However, if we pause for a closer inspection, the pages (or webpages) of our dictionaries can be very revealing. In representing the common understanding of each and every word, they are infused with the politics of accepted and shunned norms, identities, values and behaviours. Hidden in their seemingly dry definitions is evidence of ideologies, worldviews and timely cultural references. 

A dictionary’s primary function – to classify, order and define the common uses of words – sounds simple enough. Yet words and language are not straight forward. They are perpetually changing, unstable, generative and ever-shifting. Each publication of a new dictionary edition signposts not only the development of language but also the shifts occurring in how we think, feel, understand and respond to the world we inhabit. In some ways, we can think of dictionaries as museums of language, but while museums collect cultural artefacts of the past, dictionaries collect words and our use of them across time. Consider these two definitions of marriage:

  1. The act of uniting a man and woman for life (American Dictionary of the English Language 1928) 
  2. The state of being united as spouses in a consensual and contractual relationship recognized by law (Merriam-Webster Online Dictionary, July 2020) 
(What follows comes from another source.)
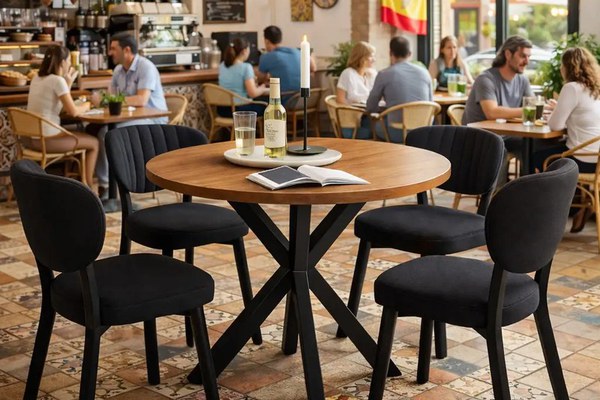 Masă de bucătărie MDF (36 mm) rotundă Homs, nuc-negru Adaugă un punct central elegant și primitor în bucătăria sau zona de dining cu masa rotundă Homs, cu blat din MDF în nuanță nuc și finisaj negru. Forma rotundă încurajează conversația și creează o atmosferă caldă, ideală pentru cinele în familie sau întâlnirile cu prietenii. Picioarele metalice negre, cu structură centrală tip buchet, asigură stabilitate și adaugă un impact vizual modern, în timp ce contrastul rafinat dintre blat și structură completează designul sofisticat al piesei. Este o masă ideală și pentru spațiile HoReCa, deci dacă ai o cafenea sau un restaurant, dă-i un refresh cu această piesă irezistibilă! Caracteristici și avantajeBlat rotund din MDF, cu finisaj negru,nucFormă rotundă care încurajează conversația și creează o atmosferă primitoare la masă.Picioare metalice negre robuste, cu structură centrală tip buchet, pentru stabilitate și impact vizual.Contrast cromatic rafinat între blat și picioare.Dimensiune compactă, ideală și pentru spații medii sau mici.Suprafață rezistentă, ușor de întreținut.DimensiuniLungime: 80 cmLățime: 80 cmÎnălțime: 75 cmDiametru blat: 80 cmMaterialeBlat: MDF texturat, finisaj nucStructură: metal, finisaj negruDescoperă și alte mese de bucătărie, scaune de bucătărie, tabureți și alte piese de mobilă pentru bucătărie, creând astfel un spațiu de dining armonios, unde eleganța și funcționalitatea se întâlnesc.
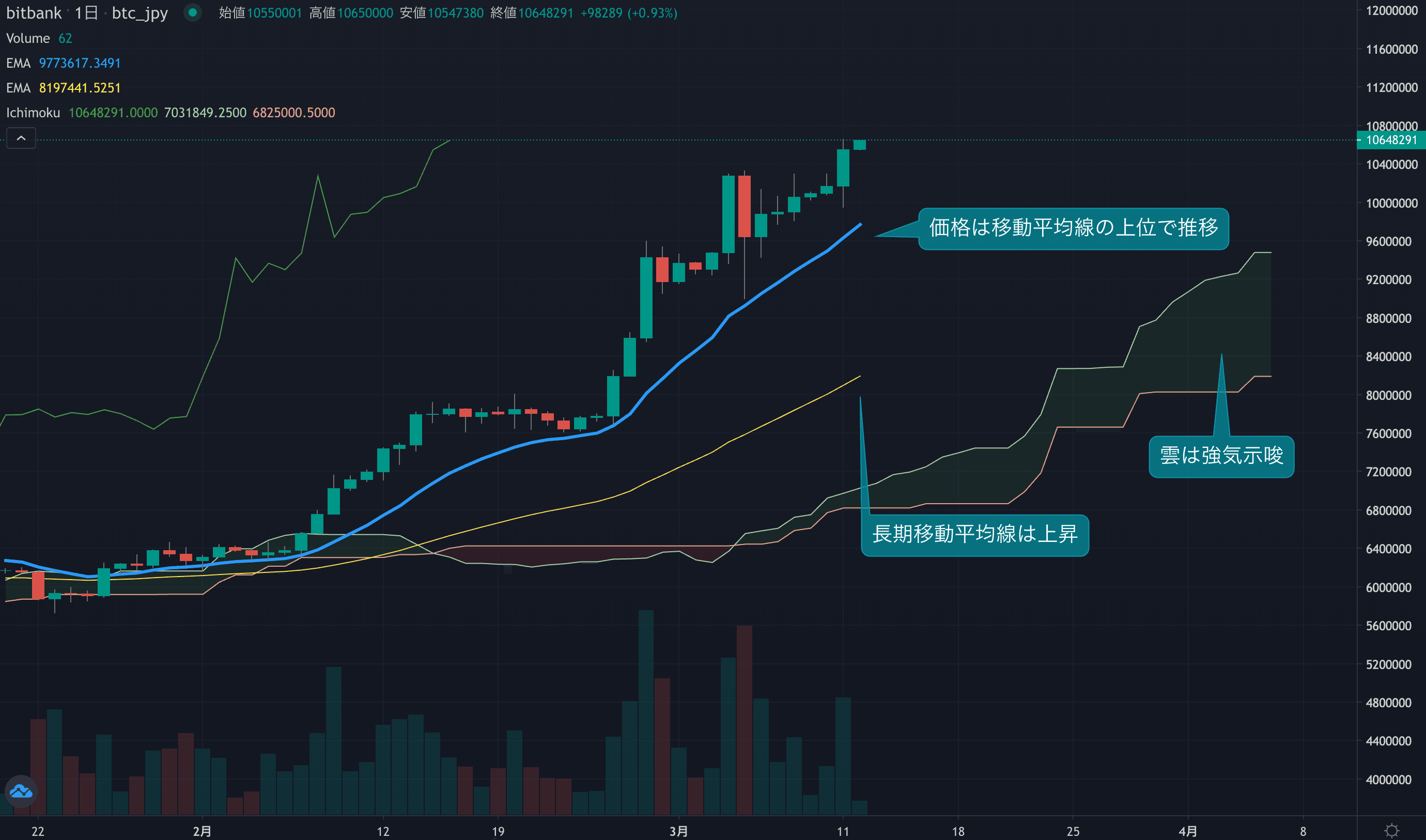 - 価格は14EMA(963.9万円)を上回り強気示唆です。53EMA(810.3万円)は上昇しており、長期トレンドも強気です。一目均衡表の雲は先行スパン1(948.2万円)が先行スパン2(819.4万円)を上回り強気示唆です。

The two definitions differ greatly, with the first reflecting the heteronormativity of the 1920s and the expectation that marriage was forever. The latter definition highlights equality and consent and is inclusive of same-sex marriages, reflecting 21st-century changes in both laws and attitudes towards what kind of love is ‘common’ or legitimate. 

Despite their inevitable obsolescence, each contemporary edition of the dictionary is important because words are very powerful. Words can uplift or oppress. They can reveal or conceal. Influence, manipulate, challenge or change. In the essay Politics and the English Language (1946), George Orwell extrapolates on the danger of vagueness when using words. He argues that “the present political chaos is connected with the decay of language, and that one can probably bring about some improvement by starting at the verbal end.” He calls for a deliberateness in using and defining words to affect change. An example of the power of language and definitions to affect change is the reclamation of the word ‘queer’ by the LGBTQIA+ community where the meaning was shifted from something with derogatory connotations to a word that is empowering and uniting.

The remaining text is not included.